U.N. enlists U.S. lawprof to scold U.S. on Indian land rights

As noted earlier, last week U.N. Human Rights Council rapporteur James Anaya (who also happens to be a lawprof at the University of Arizona) declared the U.S. to be trampling the aboriginal land rights of Indian tribes. I have a new Daily Caller piece pointing out (as I detail at more length in Schools for Misrule) that the U.N.’s involvement with American law school projects is nothing new: “Now the plaintiff’s counsel [in the Western Shoshone claim] of a few years back re-surfaces as the official instrument of a U.N. body, a revolving-door arrangement that is actually quite typical of the international human rights establishment, where a rather small band of crusading law professors, ‘civil society’ activists and Guardian readers around the world seem to take turns investigating each others’, or as the case may be their own, countries for putative human rights violations.” (& Julian Ku, Opinio Juris)

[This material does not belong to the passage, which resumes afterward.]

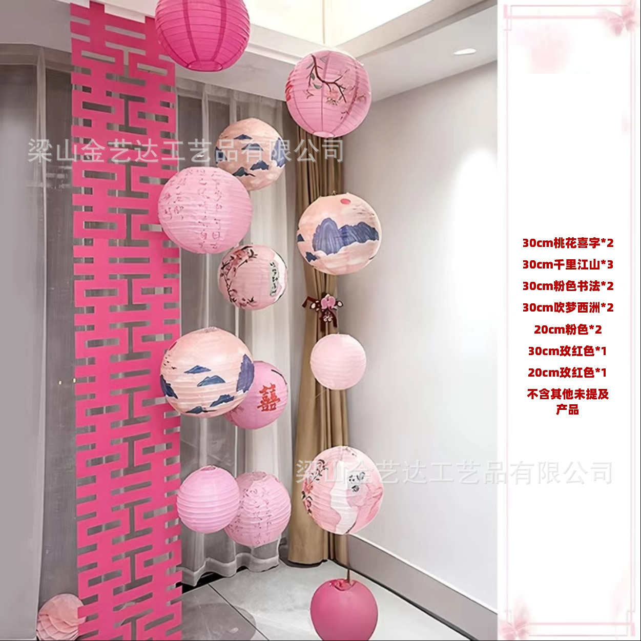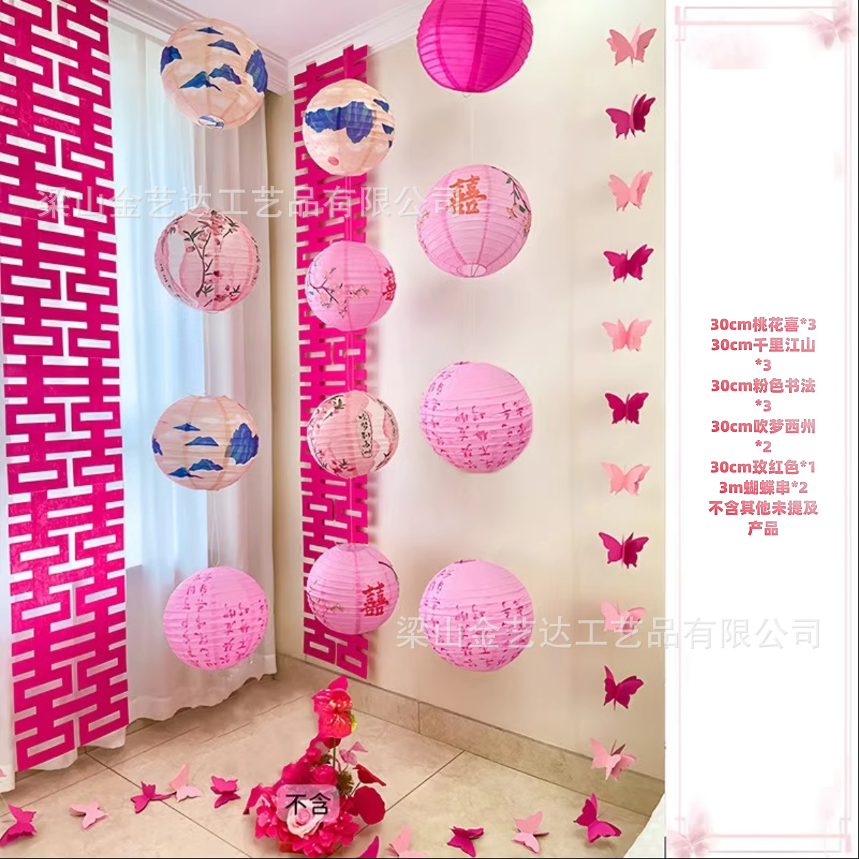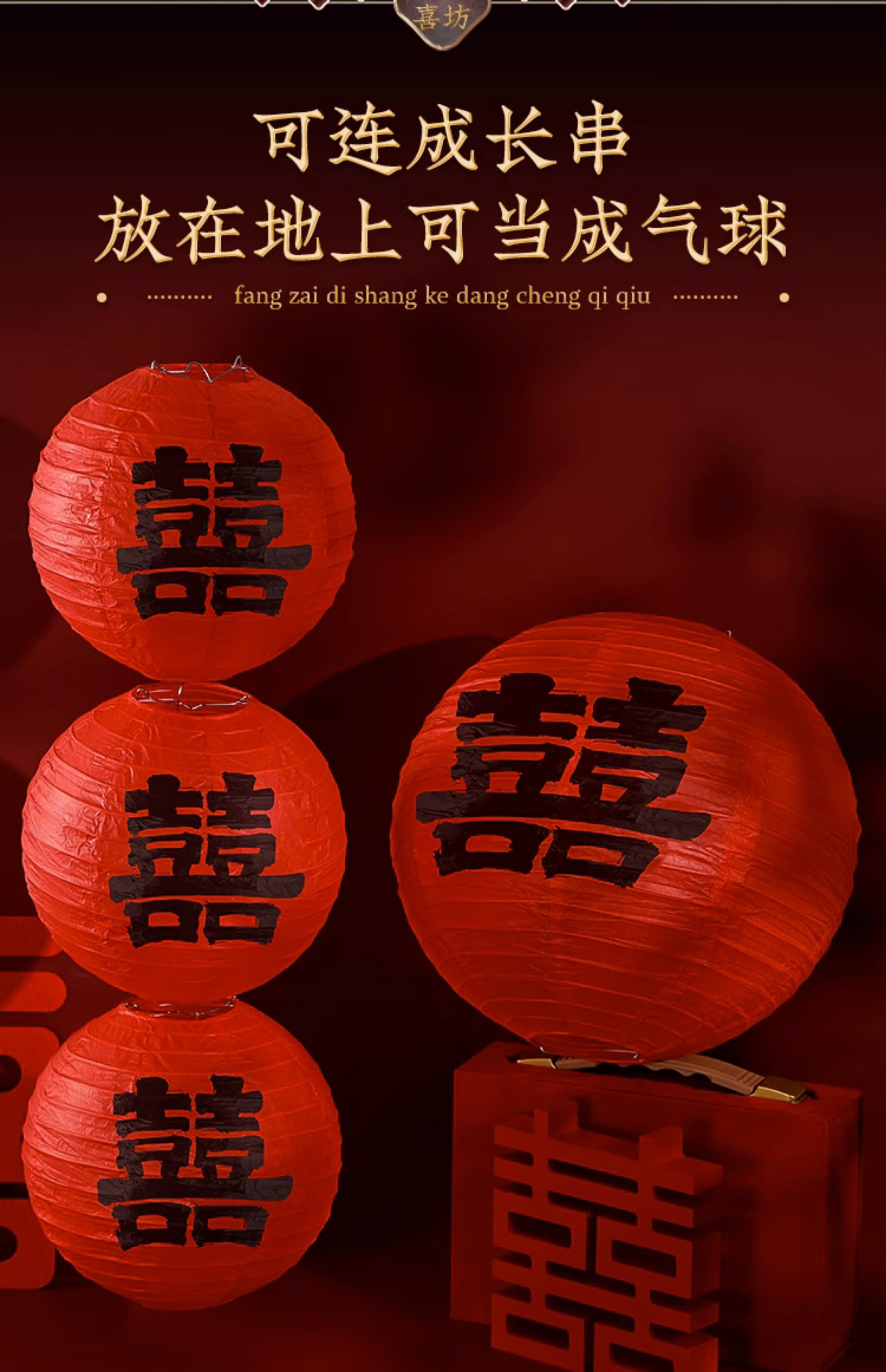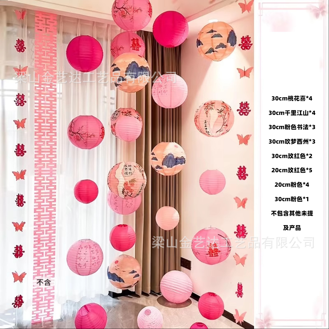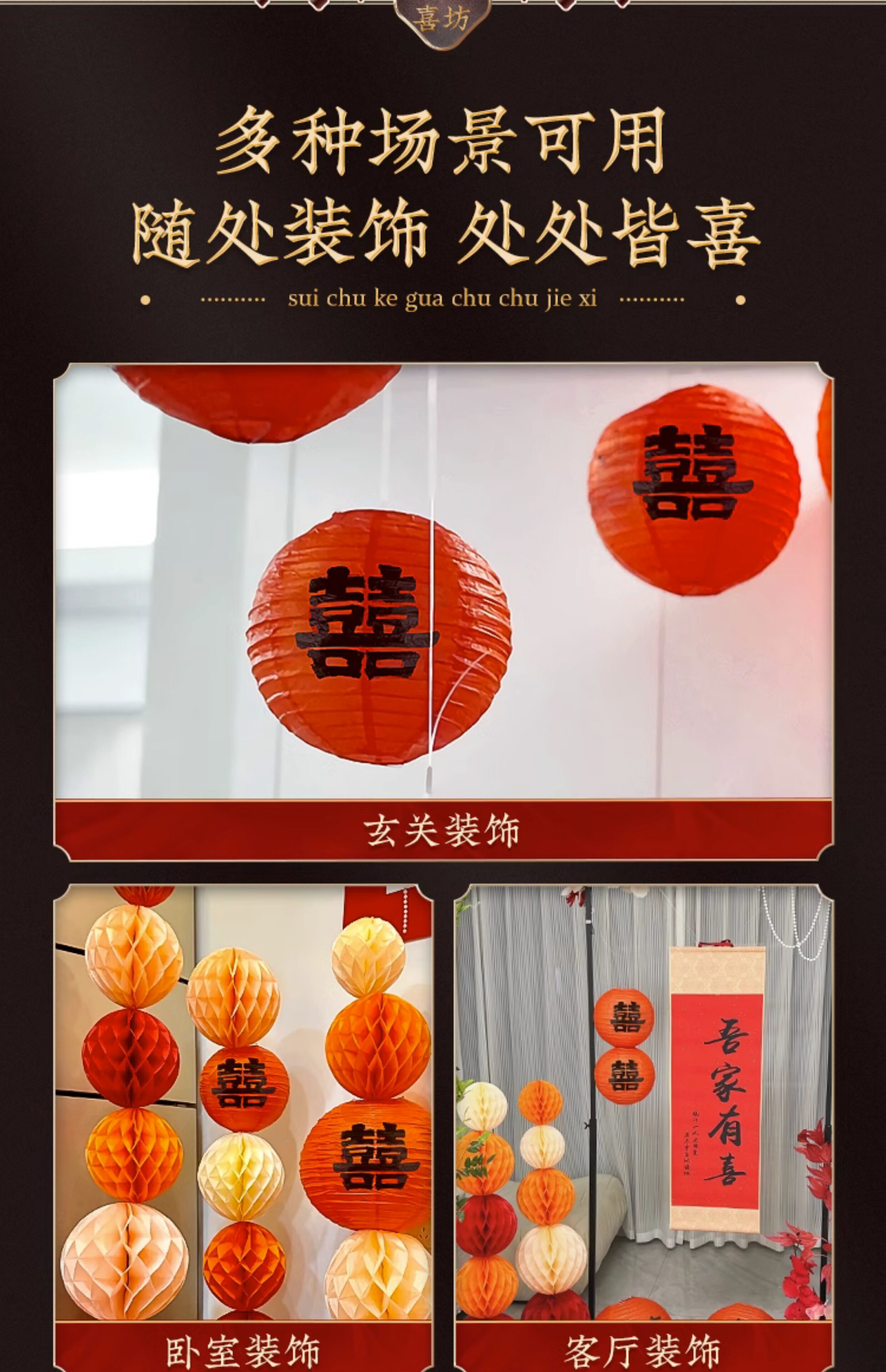婚房布置喜字纸灯笼挂饰楼梯结婚装饰蜂窝球结婚灯笼订婚礼装饰品

Motel owner 99% liable for murder

“[An Indiana appeals] court has found that an ever so slightly negligent (2%) business owner needs to pay for 99% of the harm caused by a murderer. Citing the Restatement (Third) of Torts. Section 14, a public policy in favor of adequately compensating the wronged … and the difficulty murderers have in procuring insurance to cover their rampages, the appellate court in Santelli v. Rahmatulla found that the Restatement provides a handy way of escaping Indiana’s reform of its joint and several liability rule.” [David Oliver] More: Point of Law (motel “[adhered] to the non-discriminatory EEOC principle of not performing criminal background checks”).